Todd Eberly, an assistant professor of political science at St. Mary’s College, points to an attempt to portray Obama as Muslim during the 2008 election, as an example of racial resentment on the far right.
“To deny there’s some of that in there would just be disingenuous,” Eberly said.
At the same shutdown tea party protest where a Confederate flag was displayed in front of the White House, Larry Klayman, conservative political activist and founder of Freedom Watch, called upon the President to, “put the Quran down and get up off his knees and to figuratively come up with his hands out.”
However, Eberly says racial resentment has been expressed by the far left, too.
“On the left, there was some of that going on with President [George W.] Bush. People compared Bush to [Nazi leader Adolph] Hitler,” he said.
And recently, U.S. Rep. Alan Grayson, D-Fla., received national attention when his campaign sent out a fundraising email that featured an image of a burning cross and equated the tea party to the Ku Klux Klan.
Abramowitz said extreme views expressed by both parties are the result of the electoral bases of the political parties moving apart.
“Democratic and Republican electoral bases are becoming more distinctive, both in terms of social characteristics, particularly race, but also religious beliefs. And then in terms of issues and ideology,” he said.
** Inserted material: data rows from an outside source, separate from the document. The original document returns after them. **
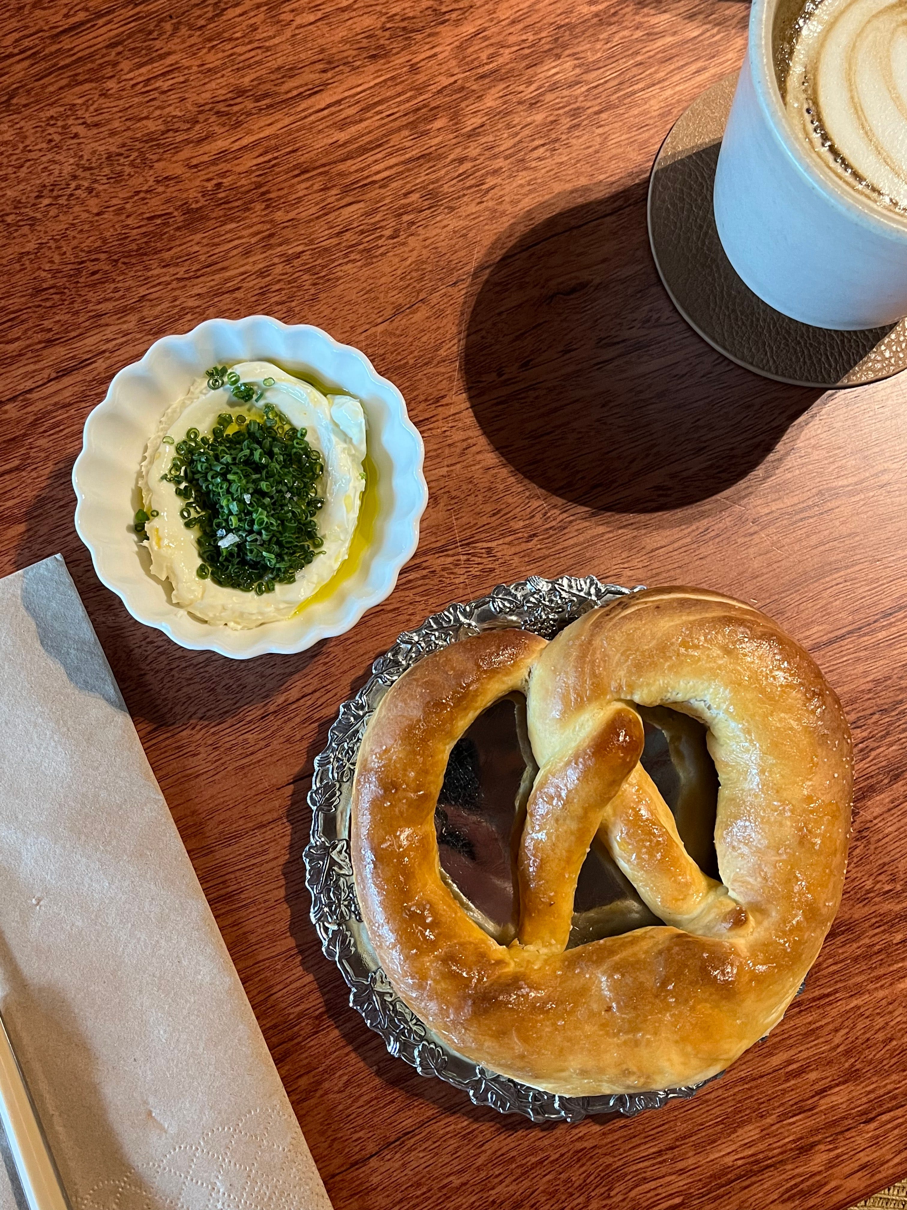 Every time I visit Snug I have to get this pretzel. It’s fresh, it’s hot and it’s gorgeous lathered in cream cheese, flaky salt and chives. I am obsessed with how different (in a good way) the pretzel tastes as you eat — my favourite part is the knot bit at the middle, so crunchy.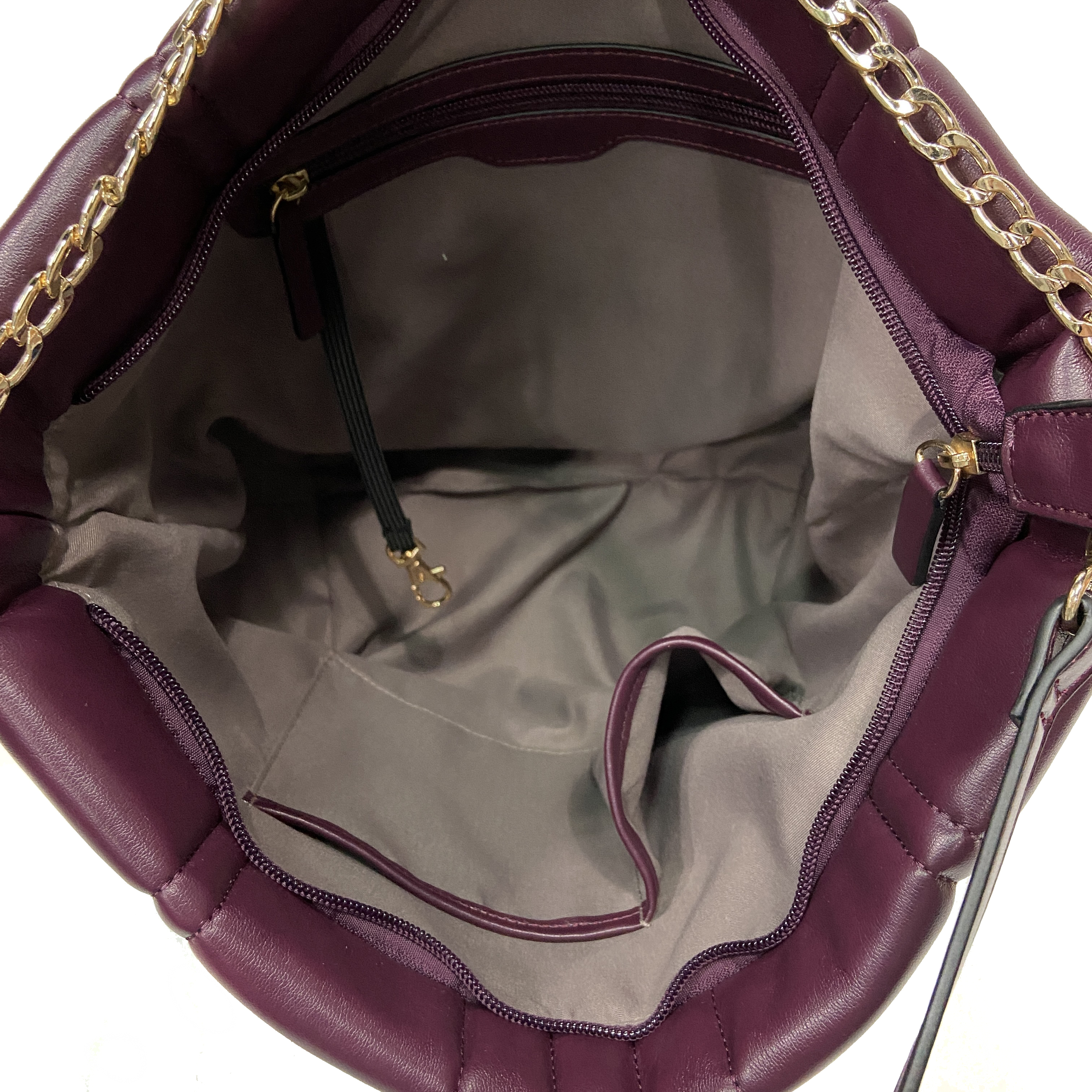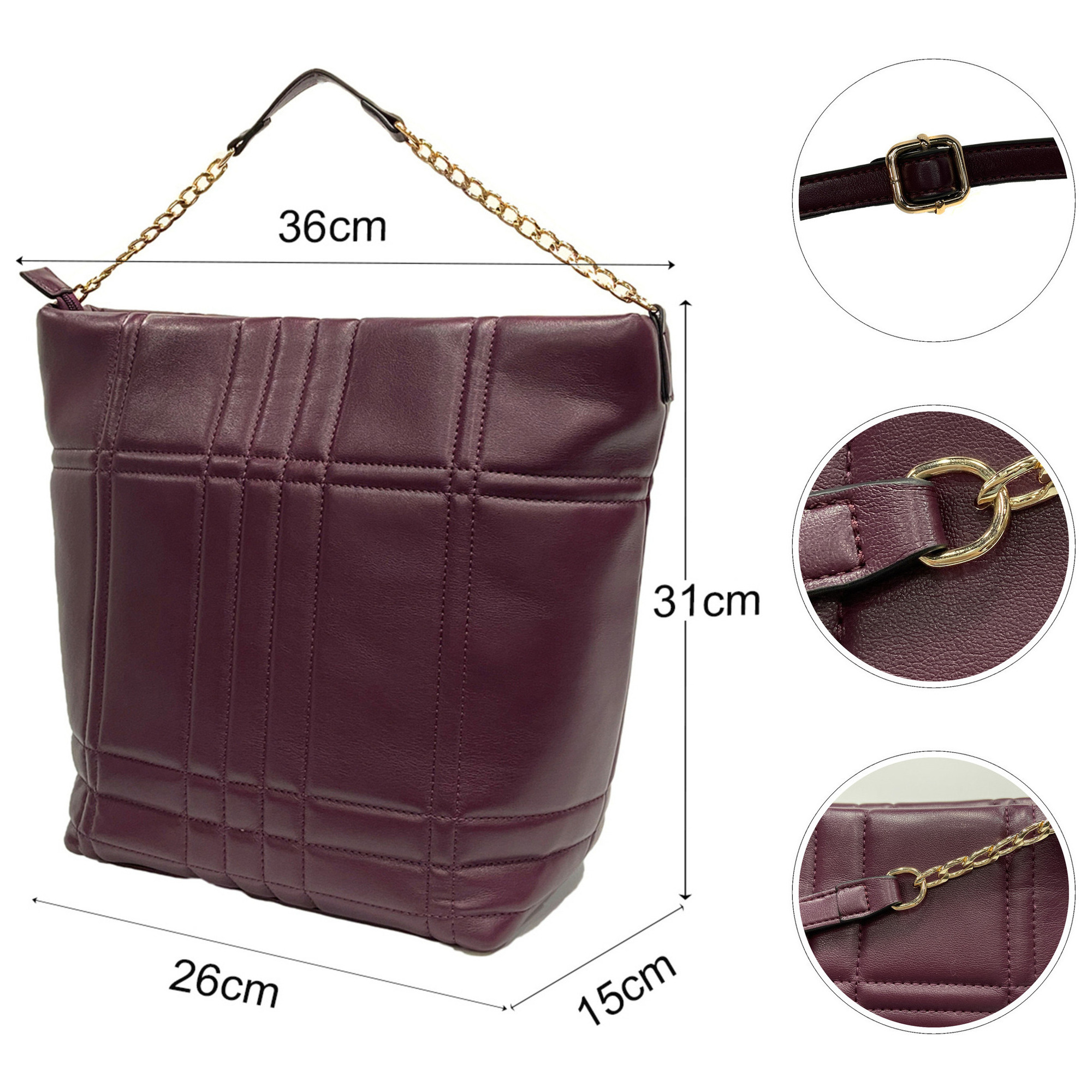 • Metal chain strap, Detachable and adjustable shoulder strap, 1 Interior zip pocket & 2 Interior slip pockets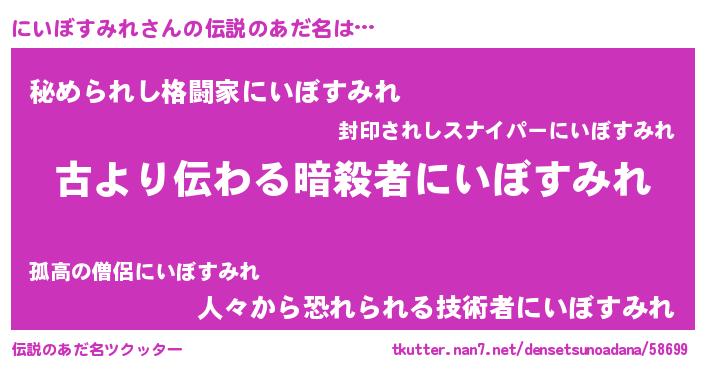 | ヒーロー風カッコイイあだ名 | 『仮面ニイダー』『ネオニイボスミレ』 |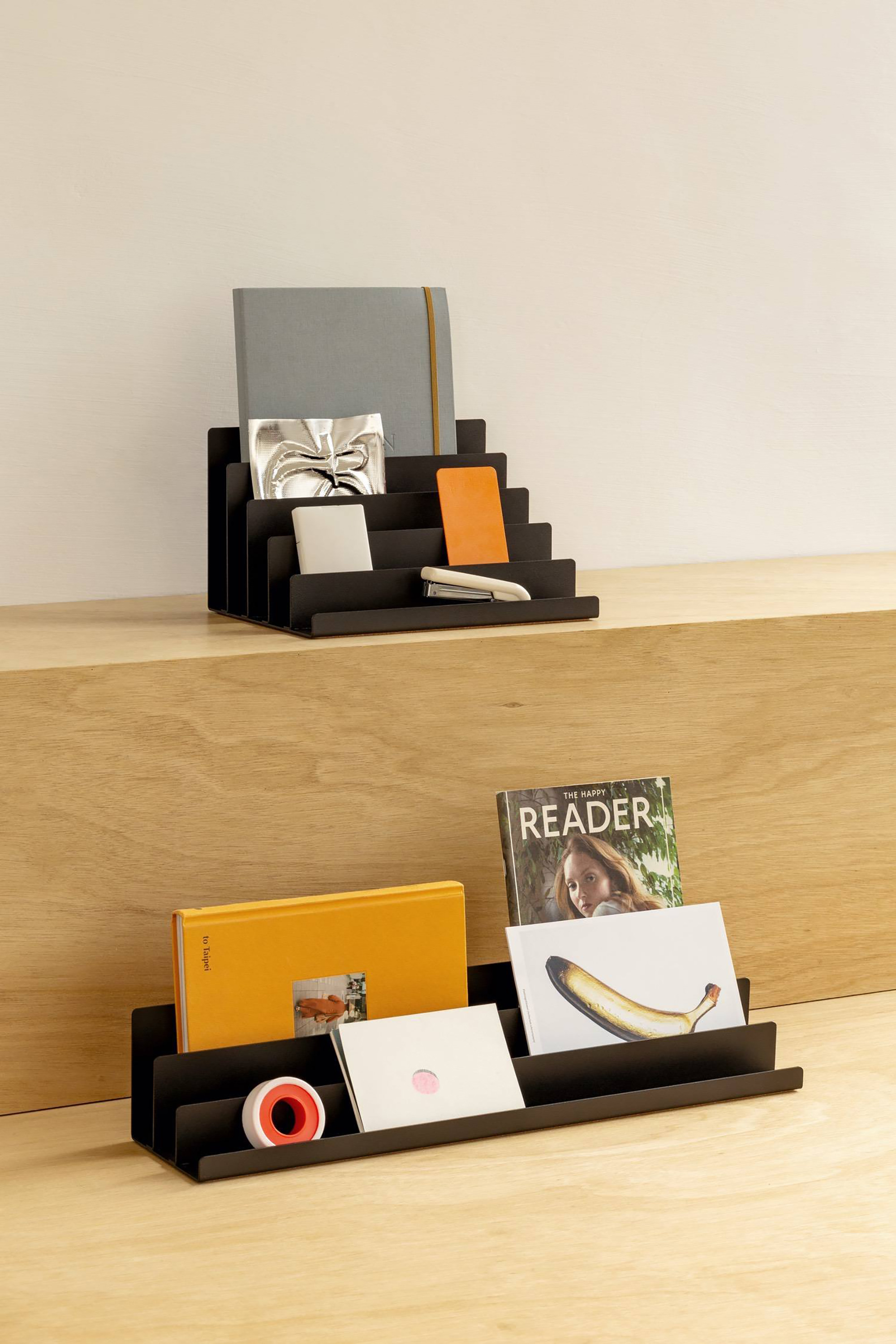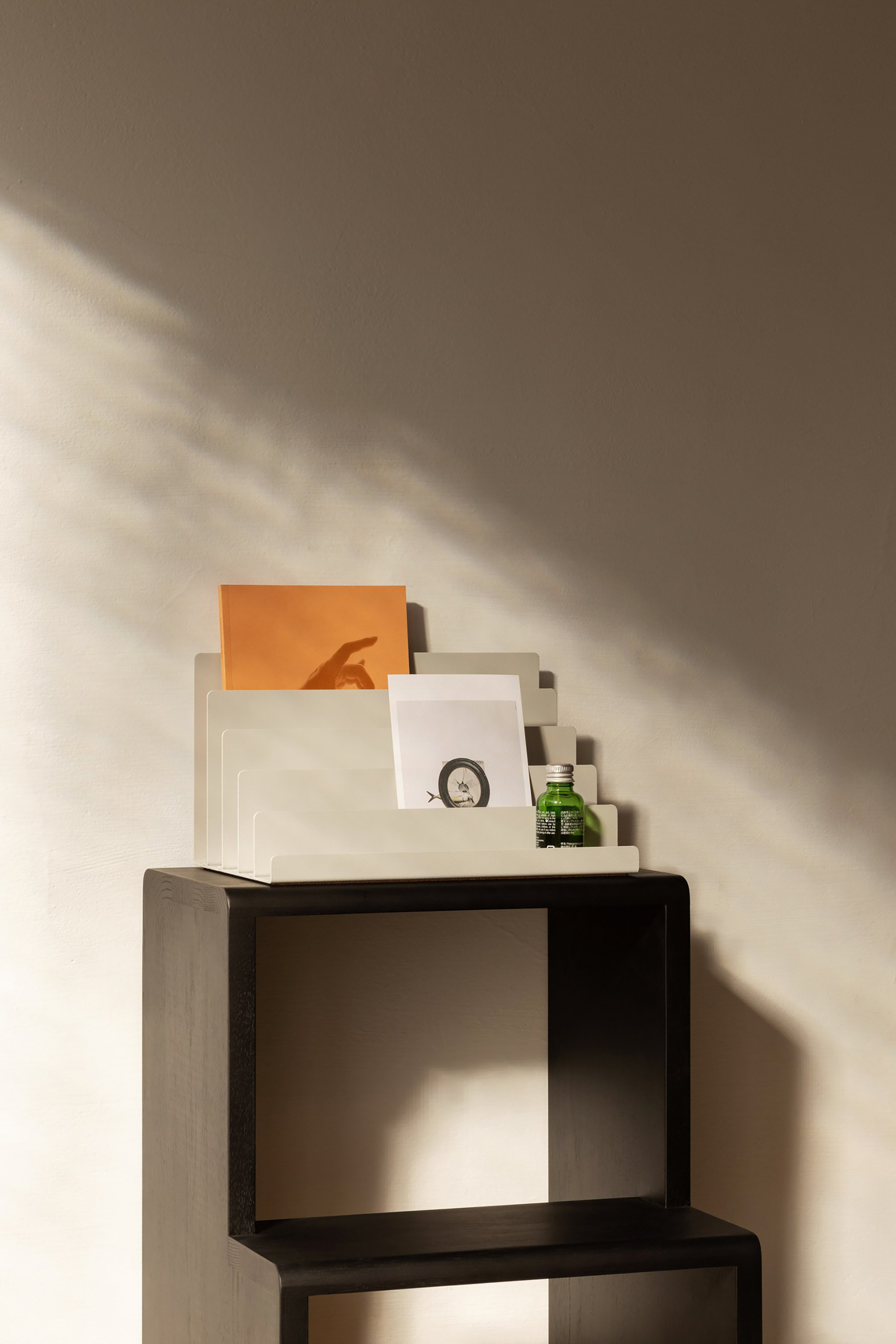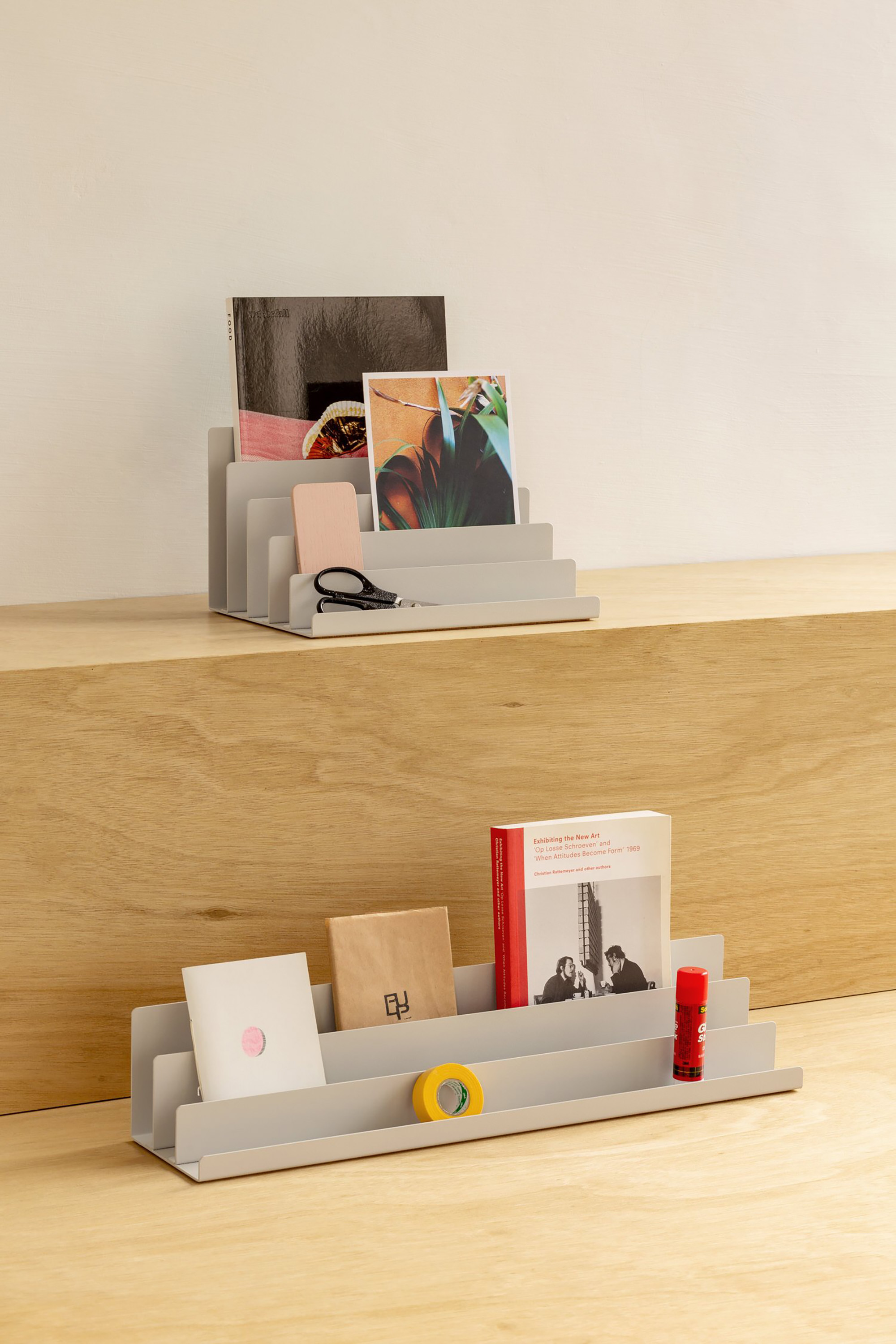 ISO 「伸展台」置物架是一款由美國設計師 Jonah Takagi 所設計的桌上型收納架。由低到高的分層設計與大小適中的隔間距離,非常適合收納紙張、信件、書籍刊物,或是零碎小物件。

Abramowitz attributes this shift to partisan conflict causing the lack of compromise between the two political parties during the government shutdown.
Voters on the extreme end of the political spectrum, like tea party members, are more likely to be politically active and exert greater influence on their party, Abramowitz said.
“Without a Republican president you get a more open expression of some of these more extreme views. And I think that’s what we’re seeing,” he said.